[Start of section]

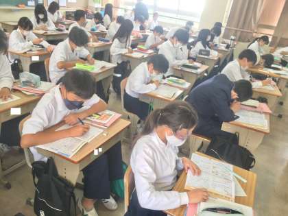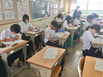 10日(金)、1年生6組の3時間目は、国語の授業でした。文法分野の学習が始まっていました。
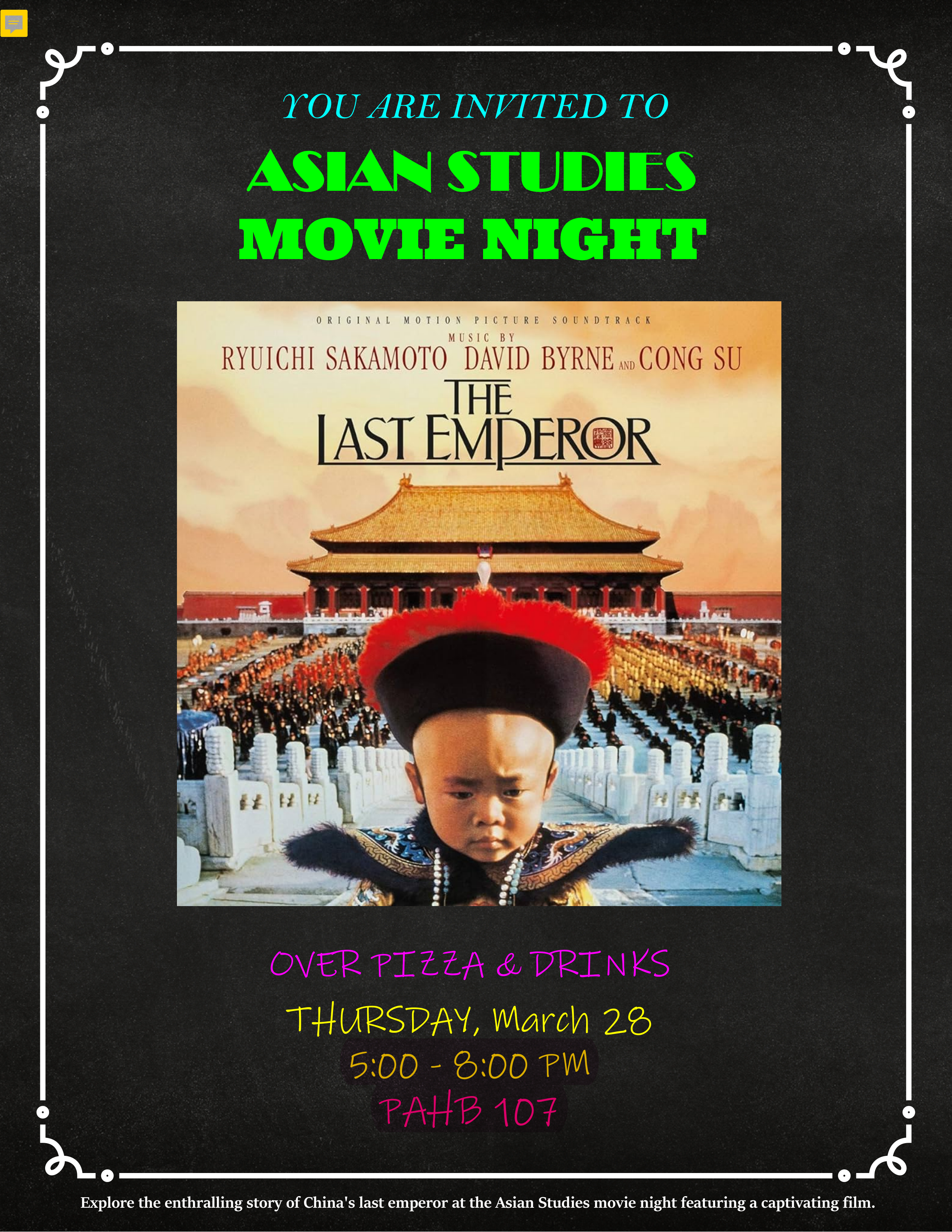 Join Asian Studies for a screening of the Academy Award-winning Best Picture The Last Emperor! This 1987 masterpiece tells the story of China's last emperor, Puyi, and is based on his autobiography.
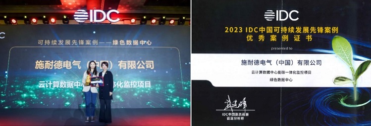 獲獎(jiǎng)證書及施耐德電氣現(xiàn)場(chǎng)領(lǐng)獎(jiǎng)畫面 當(dāng)前市場(chǎng),在“雙碳”目標(biāo)指引下,可持續(xù)發(fā)展已是經(jīng)濟(jì)發(fā)展的主旋律,節(jié)能減碳成為明確的發(fā)展趨勢(shì)。與此同時(shí),隨著數(shù)字中國(guó)的加速建設(shè),數(shù)據(jù)中心在中國(guó)市場(chǎng)飛速發(fā)展。在這一大環(huán)境下,數(shù)據(jù)中心產(chǎn)業(yè)的數(shù)字化綠色可持續(xù)發(fā)展已成為關(guān)注焦點(diǎn),如何推進(jìn)數(shù)據(jù)中心能源管理的智能化改造,在確保高效運(yùn)維管理、穩(wěn)定運(yùn)行的同時(shí),實(shí)現(xiàn)節(jié)能減碳,是當(dāng)前數(shù)據(jù)中心產(chǎn)業(yè)面臨的重點(diǎn)挑戰(zhàn)。 在入圍2023 IDC中國(guó)可持續(xù)發(fā)展先鋒案例名單的云計(jì)算數(shù)據(jù)中心能碳一體化監(jiān)控項(xiàng)目實(shí)踐案例中,施耐德電氣為客戶的兩個(gè)新建項(xiàng)目搭建了四個(gè)預(yù)模塊一體化監(jiān)控系統(tǒng),實(shí)現(xiàn)了各數(shù)據(jù)中心預(yù)模塊的所有電氣設(shè)備與系統(tǒng)、暖通空調(diào)系統(tǒng)、環(huán)境監(jiān)控系統(tǒng)和IT與網(wǎng)絡(luò)設(shè)備的集中監(jiān)控,達(dá)成多維度的集中管理和精細(xì)化運(yùn)行管理,并確保系統(tǒng)7*24小時(shí)穩(wěn)定運(yùn)行,保障其長(zhǎng)期可靠運(yùn)營(yíng)。 以客戶需求為導(dǎo)向,施耐德電氣基于EcoStruxure™架構(gòu)與平臺(tái),構(gòu)建了覆蓋互聯(lián)互通的產(chǎn)品、邊緣控制以及應(yīng)用、分析與服務(wù)三層架構(gòu)的數(shù)據(jù)中心一體化監(jiān)控平臺(tái),部署了包含PLC控制成套柜、PAS 700網(wǎng)關(guān)、各類傳感器和Power Operation(PO)電力監(jiān)控系統(tǒng)、EcoStruxure POA-EM 配電運(yùn)營(yíng)顧問(wèn)系列軟件-能碳管理應(yīng)用(POA-EM)和Power Advisor (PA)電力顧問(wèn)等在內(nèi)的軟硬件產(chǎn)品,助力該數(shù)據(jù)中心實(shí)現(xiàn)基礎(chǔ)設(shè)施強(qiáng)弱電一體化監(jiān)控及精細(xì)化運(yùn)營(yíng)管理。
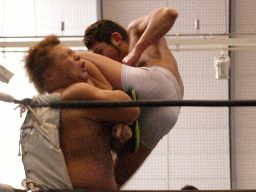 高梨がソバット、諸橋ロープに飛んでフェースクラッシャー、高梨が顔面にドロップキック(左写真)。諸橋ナックル連打、高梨にタッチ。

[End of section]

* **Brief**: Would you reproduce the lines from the one with "Join Asian Studies" through the final line of the data above, exactly and only those, without any pictures?

* **Task answer**:
 Join Asian Studies for a screening of the Academy Award-winning Best Picture The Last Emperor! This 1987 masterpiece tells the story of China's last emperor, Puyi, and is based on his autobiography.
 獲獎(jiǎng)證書及施耐德電氣現(xiàn)場(chǎng)領(lǐng)獎(jiǎng)畫面 當(dāng)前市場(chǎng),在“雙碳”目標(biāo)指引下,可持續(xù)發(fā)展已是經(jīng)濟(jì)發(fā)展的主旋律,節(jié)能減碳成為明確的發(fā)展趨勢(shì)。與此同時(shí),隨著數(shù)字中國(guó)的加速建設(shè),數(shù)據(jù)中心在中國(guó)市場(chǎng)飛速發(fā)展。在這一大環(huán)境下,數(shù)據(jù)中心產(chǎn)業(yè)的數(shù)字化綠色可持續(xù)發(fā)展已成為關(guān)注焦點(diǎn),如何推進(jìn)數(shù)據(jù)中心能源管理的智能化改造,在確保高效運(yùn)維管理、穩(wěn)定運(yùn)行的同時(shí),實(shí)現(xiàn)節(jié)能減碳,是當(dāng)前數(shù)據(jù)中心產(chǎn)業(yè)面臨的重點(diǎn)挑戰(zhàn)。 在入圍2023 IDC中國(guó)可持續(xù)發(fā)展先鋒案例名單的云計(jì)算數(shù)據(jù)中心能碳一體化監(jiān)控項(xiàng)目實(shí)踐案例中,施耐德電氣為客戶的兩個(gè)新建項(xiàng)目搭建了四個(gè)預(yù)模塊一體化監(jiān)控系統(tǒng),實(shí)現(xiàn)了各數(shù)據(jù)中心預(yù)模塊的所有電氣設(shè)備與系統(tǒng)、暖通空調(diào)系統(tǒng)、環(huán)境監(jiān)控系統(tǒng)和IT與網(wǎng)絡(luò)設(shè)備的集中監(jiān)控,達(dá)成多維度的集中管理和精細(xì)化運(yùn)行管理,并確保系統(tǒng)7*24小時(shí)穩(wěn)定運(yùn)行,保障其長(zhǎng)期可靠運(yùn)營(yíng)。 以客戶需求為導(dǎo)向,施耐德電氣基于EcoStruxure™架構(gòu)與平臺(tái),構(gòu)建了覆蓋互聯(lián)互通的產(chǎn)品、邊緣控制以及應(yīng)用、分析與服務(wù)三層架構(gòu)的數(shù)據(jù)中心一體化監(jiān)控平臺(tái),部署了包含PLC控制成套柜、PAS 700網(wǎng)關(guān)、各類傳感器和Power Operation(PO)電力監(jiān)控系統(tǒng)、EcoStruxure POA-EM 配電運(yùn)營(yíng)顧問(wèn)系列軟件-能碳管理應(yīng)用(POA-EM)和Power Advisor (PA)電力顧問(wèn)等在內(nèi)的軟硬件產(chǎn)品,助力該數(shù)據(jù)中心實(shí)現(xiàn)基礎(chǔ)設(shè)施強(qiáng)弱電一體化監(jiān)控及精細(xì)化運(yùn)營(yíng)管理。
 高梨がソバット、諸橋ロープに飛んでフェースクラッシャー、高梨が顔面にドロップキック(左写真)。諸橋ナックル連打、高梨にタッチ。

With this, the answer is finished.